Только что ее уложили в постель, он ушел в кабинет и не показывался. Это очень покоробило брата Марьи Орестовны. Евлампий Григорьевич, когда тот вошел к нему в кабинет, встретил его удивленно. Он опять засел за письменный стол и поправлял печатные листки.

— Братец… — начал полушепотом Леденщиков, — вы видите, в каком она положении.

— Кто-с? — спросил рассеянно Нетов.

— Мари.

— Да!.. Доктор сейчас будет.

— Я думаю, нужно консилиум… Я боюсь назвать болезнь…

Нетов не слушал. Глаза его все возвращались к листкам, лежащим на столе.

— Я должен вас предупредить…

— А что-с?

— Да как же… Мари ведь опасна…

— Опасна-с?

Евлампий Григорьевич оставил свои листки и повыше приподнял голову.

Брат Марьи Орестовны, при всей своей сладости, сжал губы на особый лад. Такая бесчувственность просто изумляла его, казалась ему совершенно неприличной.

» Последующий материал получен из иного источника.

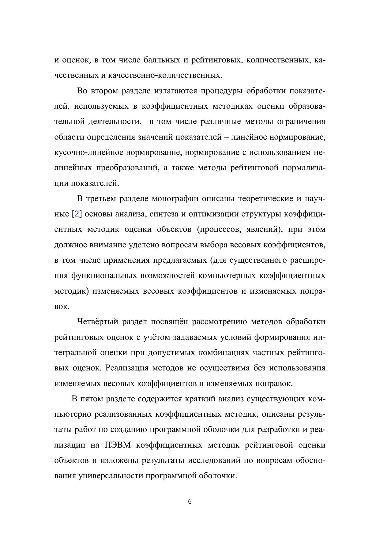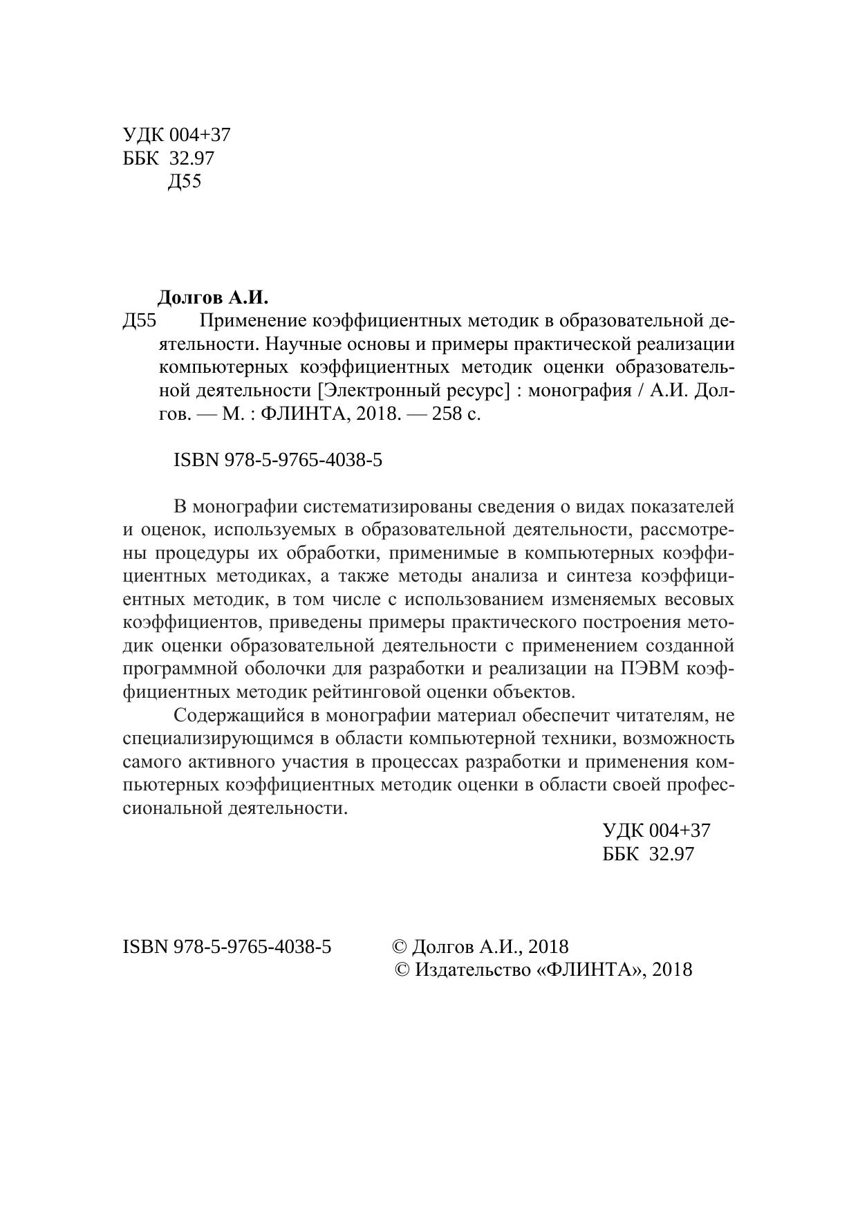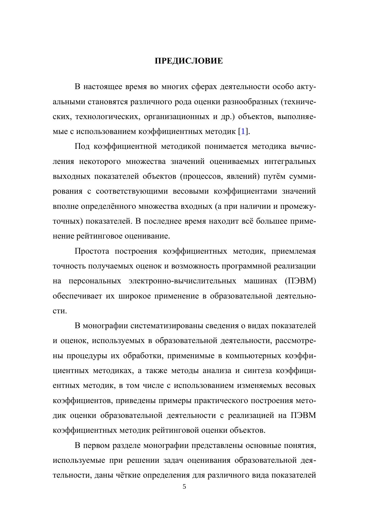 В монографии систематизированы сведения о видах показателей и оценок, используемых в образовательной деятельности, рассмотрены процедуры их обработки, применимые в компьютерных коэффициентных методиках, а также методы анализа и синтеза коэффициентных методик, в том числе с использованием изменяемых весовых коэффициентов, приведены примеры практического построения методик оценки образовательной деятельности с применением созданной программной оболочки для разработки и реализации на ПЭВМ коэффициентных методик рейтинговой оценки объектов. Содержащийся в монографии материал обеспечит читателям, не специализирующимся в области компьютерной техники, возможность

— А вот доктор что скажет… Я ничего не могу… Не обучали-с…

Глаза Нетова бегали. Он почти смеялся. Леденщиков даже сконфузился и пошел к сестре. Она его прогнала.

Приехал годовой доктор. Евлампий Григорьевич поздоровался с ним, потирая руки, с веселой усмешкой, проводил его до спальни жены и тотчас же вернулся к себе в кабинет. Леденщиков в кабинете сестры прислушивался к тому, что в спальне. Минут через десять вышел доктор с расстроенным лицом и быстро пошел к Нетову. Леденщиков догнал его и остановил в зале.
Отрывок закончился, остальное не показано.